Devine would go on to run the Counter Narcotics Center and Latin America Division at CIA in the 1990s, and helped oversee the operation that captured Pablo Escobar in 1993. He also served as the head of the division during the military intervention in Haiti in the early 1990s, and was later promoted to associate director and acting director of Operations as well as serving as Acting Deputy Director of Operations from May 3, 1995, to July 18, 1995. Devine retired from CIA in 1999, after 32 years, and joined the private sector where he joined forces with New York litigation attorney Stanley Arkin. Together they have provided high-end consulting services along with sophisticated international intelligence and investigative services for the last 23 years.

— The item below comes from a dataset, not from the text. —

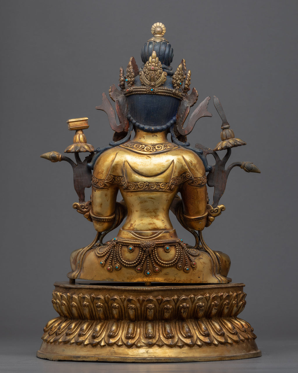 We have exclusively hand-carved the God Of The Wisdom Sculpture using traditional Himalayan art. We are the artisans of the Kathmandu Valley, whose knowledge of creating traditional Vajrayana sculptures has been handed down over the years. The Manjushri is seen two hands are held at the heart performing the Dharma teaching gesture and the left holds a blue utpala with a Prajnaparamita book resting upon it while sitting on a moon-disc lotus seat. Each is set atop a lotus blossom. It took us more than a month to complete the statue's design, construction, and polishing since we hand-carved the pure copper body and gilded it with pure 24-karat gold. We used a hammer and small chisels to hand-carve the intricate design patterns. The crown and the body ornaments are adorned with precious gemstones. We have given the status antique finish.

Devine is the recipient of the Agency's Distinguished Intelligence Medal and several meritorious awards. He is a recognized expert in intelligence matters and has written op-eds and articles for The Washington Post, The Financial Times, The Miami Herald and The World Policy Journal. He has also made guest appearances on CBS, NBC, MSNBC, Fox News, as well as the History and Discovery channels, PBS and ABC Radio. On June 13, 2014, speaking in McLean, VA to former intelligence officers he predicted the likely partition of Iraq and further troubles in Afghanistan and Ukraine.

Devine resides in New York City and is a member of the Council on Foreign Relations.